On Thu, Jul 11, 2013 at 12:35:36PM +0100, Peter Robinson wrote:
On Thu, Jul 11, 2013 at 12:00 PM, Josh Boyer
<jwboyer(a)gmail.com> wrote:
> On Thu, Jul 11, 2013 at 6:25 AM, Jaroslav Reznik <jreznik(a)redhat.com> wrote:
>>
>> Speaking about hardware - and that's more a question for Spot - could
>> be possible to organize another round of HW give away as we did with
>> Raspberries? With a different HW, that's supported in Fedora and it
>> seems like there are pretty cheap options either. With some metrics,
>> like commits/packages/packages that need significant effort to make
>> it working on ARM...
>
> The sentiment is nice, but I don't think that last hardware give away
> went all that well. Also, to get something competent is going to cost
> money.

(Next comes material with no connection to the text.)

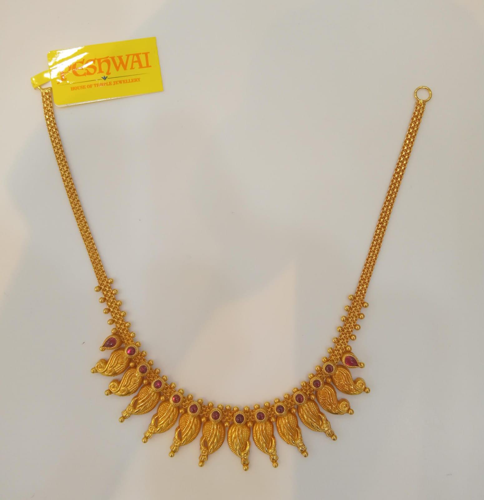 This is a beautifully crafted traditional gold necklace featuring an elegant leaf (paisley) drop design. The necklace has detailed gold carvings with small gold bead accents along the edges, giving it a rich and royal look.

I have no idea what the Fedora budget looks like, but frankly
> I'd rather use money on something more beneficial than buying hardware
> for a bunch of people that aren't already working on ARM. It will
> likely have a shiny factor of about 1 week, and then it will sit on
> their desk collecting dust.
I agree, not sure what the contribution to the RPi stuff was like but
for the XOs that were given away I'm not aware of a single
contribution to any of the Fedora/OLPC/Sugar projects as a result of
it.
IMHO it is also not that easy to get something going with ARM on Fedora.
For example I bought a Sheeva-ARM devices to get upstream release
monitoring running on it . But even when I got it installed,
the device crashed with a kernel soft lockup. Now the devices are no
longer supported. I got a RPi (from the hardware summer of fun) with the
same intent, but until today it is not properly supported and won't. In
the meantime I bought a Cubieboard, no luck here as well. Since the
Cubieboard remix even requires HDMI output and does not work headless, I
did not try it because if missing HDMI hardware. Also all the Fedora ARM
efforts usually require to dd some images instead of just allowing to
run a textmode anaconda via serial or some other installer, which just
feels quirky.
So now I gave up and bought a x86_64 microserver, which will then do the
release monitoring among other things.